■ **WORK REQUEST**
Copy the listing exactly, leaving out every picture.

■ **DATA PROVIDED**

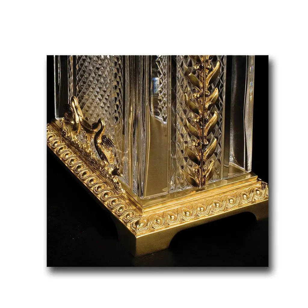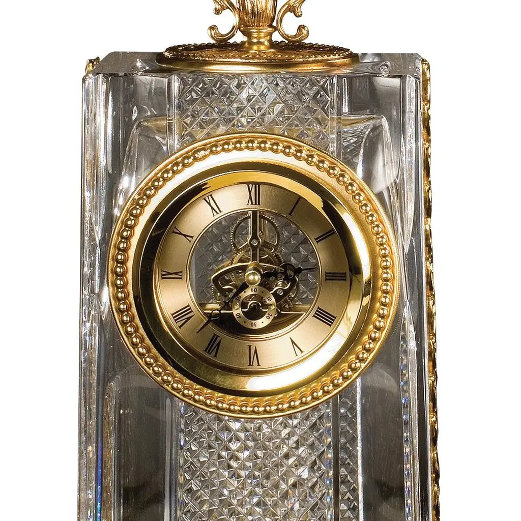 21st century Hand carved clear crystal and golden bronze clock. This clock is in hand-carved clear crystal. This clock has the quarts and mechanical movement. On request to customer can modificate the color of crystal: pink, amber amethist etc and we can change also the metal finishing: french gold, burnished, dark burnished, antique silver and patinated silver so you can match it with any decor. The style of this clock is classic and can be inserted in the best possible way within every furniture.Each object is handcrafted and the care for every detail makes each item unique in its kind.Also Oggetti d'Arte will follow with the same passion the request of the most qualified studies of interior architecture from around the world, helping them in achievement of their most ambitious projects.
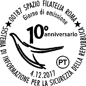 Completano il francobollo le leggende “SISTEMA DI INFORMAZIONE PER LA SICUREZZA DELLA REPUBBLICA” e “10° ANNIVERSARIO”, la scritta “ITALIA” e il valore “€ 0,95”. |
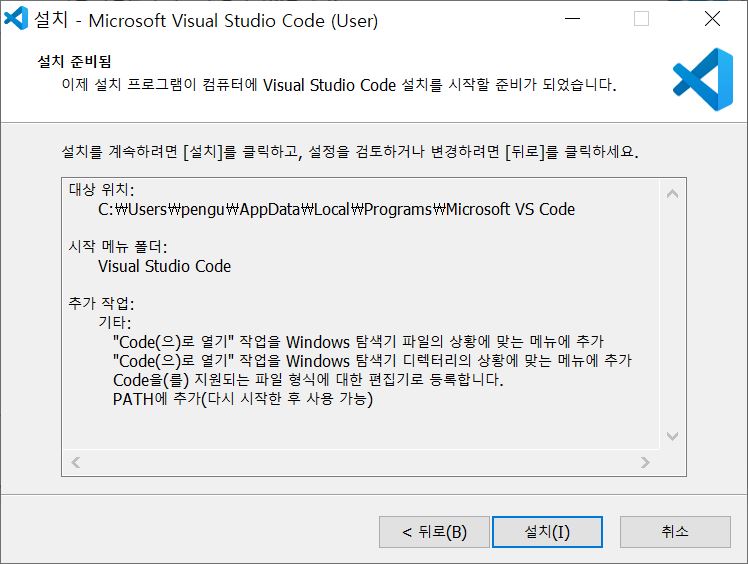 PATH에 추가 - PC내 환경변수에 추가하여, 어느 위치에서든 VSCODE를 사용할 수 있도록 한다는 의미입니다.
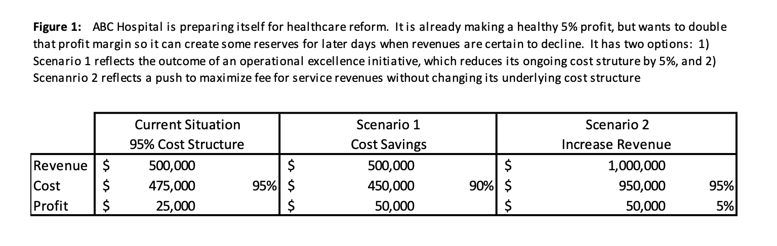 “So if we’re trying to double our profit margin,” Walsh explains, referring to Figure 1, “all you need to do is drop your cost structure [Scenario One] by five points. That gets you an additional $25 million to the bottom line. But if you stay at 95% cost structure and 5% margin, and don’t change cost structure at all, you’ll need a half billion dollars to make that same impact. How many MRIs would you need annually to reach a half billion? It’s going to be a very high number.”
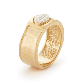 14 karat yellow gold polish-finished ring centered with 0 25 carats of pave set diamond oval
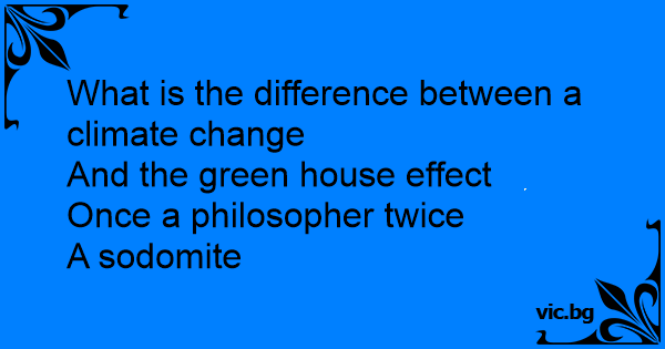What is the difference between a climate change<br />And the green house effect<br />Once a philosopher twice<br />A sodomite
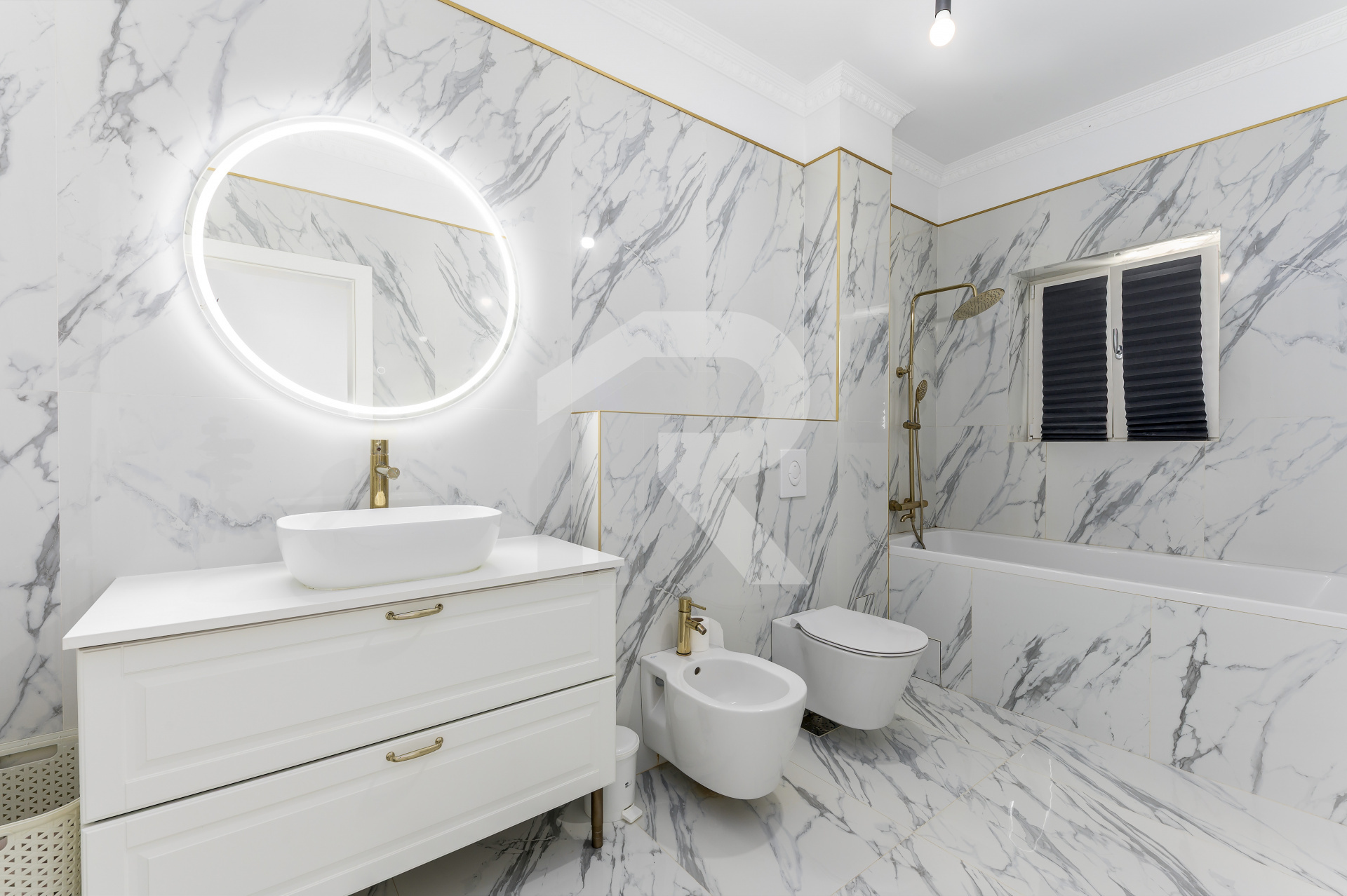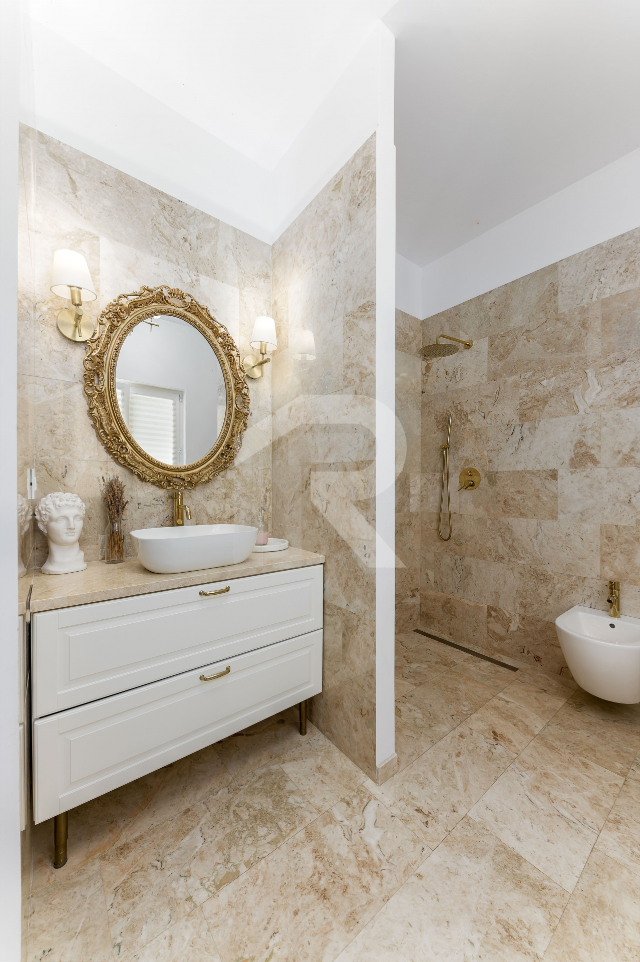 Baie generoasă (cu cabină de duș) și un hol de sosire prevăzut cu un dressing larg.
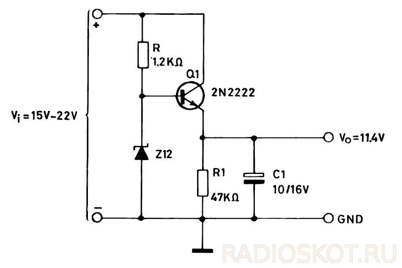 А это показан простейший пример стабилизатора со стабилитроном. Транзистор подключен как повторитель напряжения, а выходное напряжение примерно на 0,7 В ниже напряжения стабилитрона. Резистор R должен быть выбран таким образом, чтобы стабилитрон всегда был правильно смещен, а базовый ток Q1 был достаточным для перевода его в проводящее состояние. Чтобы ток на стабилитроне не упал до значения, не позволяющего проявиться свойствам стабилитрона, маломощный транзистор 2N2222 можно заменить транзистором Дарлингтона.
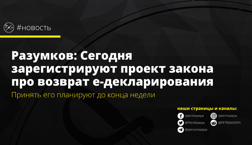 На согласительном совете Верховной Рады спикер ВР Дмитрий Разумков сообщил, что сегодня до конца дня будет зарегистрирован законопроект, который предусматривает возобновление действия закона об электронном декларировании, а также статьи Уголовного процессуального кодекса о наказании за незаконное обогащение.
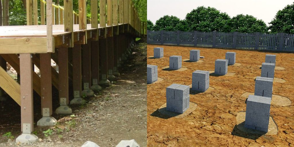 При строительстве фундамента террасы учитывайте, что он держит всю конструкцию террасы и предотвращает ее сдвиг или уход в землю. Обычно это бетонные блоки размером 30 х 30 см, заглубленные на 15 см в нетронутый плотный грунт.
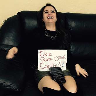 Nela, a jovem aparece muito sorridente com uma plaquinha: "Cris, quer casar comigo?". O produtor fez um desabafo na legenda. "Daria tudo para produzir e cuidar de todos detalhes deste casamento, Patroinha! Mas queria ser padrinho!", escreveu.
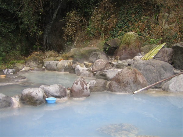 高温の源泉を自然冷却させて湯船に注ぐ正真正銘の源泉かけ流し。泉質はアルミニウム-硫酸塩泉で、独特の色の濁り湯。
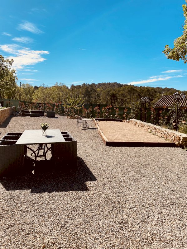 Le jardin dispose d’une piscine 10 par 4, d’un terrain de pétanque et d’une petite aire de jeux pour les enfants niché sur un terrain d’environ 2000m2.

■ **EXERCISE OUTPUT**
 21st century Hand carved clear crystal and golden bronze clock. This clock is in hand-carved clear crystal. This clock has the quarts and mechanical movement. On request to customer can modificate the color of crystal: pink, amber amethist etc and we can change also the metal finishing: french gold, burnished, dark burnished, antique silver and patinated silver so you can match it with any decor. The style of this clock is classic and can be inserted in the best possible way within every furniture.Each object is handcrafted and the care for every detail makes each item unique in its kind.Also Oggetti d'Arte will follow with the same passion the request of the most qualified studies of interior architecture from around the world, helping them in achievement of their most ambitious projects.
 Completano il francobollo le leggende “SISTEMA DI INFORMAZIONE PER LA SICUREZZA DELLA REPUBBLICA” e “10° ANNIVERSARIO”, la scritta “ITALIA” e il valore “€ 0,95”. |
 PATH에 추가 - PC내 환경변수에 추가하여, 어느 위치에서든 VSCODE를 사용할 수 있도록 한다는 의미입니다.
 “So if we’re trying to double our profit margin,” Walsh explains, referring to Figure 1, “all you need to do is drop your cost structure [Scenario One] by five points. That gets you an additional $25 million to the bottom line. But if you stay at 95% cost structure and 5% margin, and don’t change cost structure at all, you’ll need a half billion dollars to make that same impact. How many MRIs would you need annually to reach a half billion? It’s going to be a very high number.”
 14 karat yellow gold polish-finished ring centered with 0 25 carats of pave set diamond oval
What is the difference between a climate change<br />And the green house effect<br />Once a philosopher twice<br />A sodomite
 Baie generoasă (cu cabină de duș) și un hol de sosire prevăzut cu un dressing larg.
 А это показан простейший пример стабилизатора со стабилитроном. Транзистор подключен как повторитель напряжения, а выходное напряжение примерно на 0,7 В ниже напряжения стабилитрона. Резистор R должен быть выбран таким образом, чтобы стабилитрон всегда был правильно смещен, а базовый ток Q1 был достаточным для перевода его в проводящее состояние. Чтобы ток на стабилитроне не упал до значения, не позволяющего проявиться свойствам стабилитрона, маломощный транзистор 2N2222 можно заменить транзистором Дарлингтона.
 На согласительном совете Верховной Рады спикер ВР Дмитрий Разумков сообщил, что сегодня до конца дня будет зарегистрирован законопроект, который предусматривает возобновление действия закона об электронном декларировании, а также статьи Уголовного процессуального кодекса о наказании за незаконное обогащение.
 При строительстве фундамента террасы учитывайте, что он держит всю конструкцию террасы и предотвращает ее сдвиг или уход в землю. Обычно это бетонные блоки размером 30 х 30 см, заглубленные на 15 см в нетронутый плотный грунт.
 Nela, a jovem aparece muito sorridente com uma plaquinha: "Cris, quer casar comigo?". O produtor fez um desabafo na legenda. "Daria tudo para produzir e cuidar de todos detalhes deste casamento, Patroinha! Mas queria ser padrinho!", escreveu.
 高温の源泉を自然冷却させて湯船に注ぐ正真正銘の源泉かけ流し。泉質はアルミニウム-硫酸塩泉で、独特の色の濁り湯。
 Le jardin dispose d’une piscine 10 par 4, d’un terrain de pétanque et d’une petite aire de jeux pour les enfants niché sur un terrain d’environ 2000m2.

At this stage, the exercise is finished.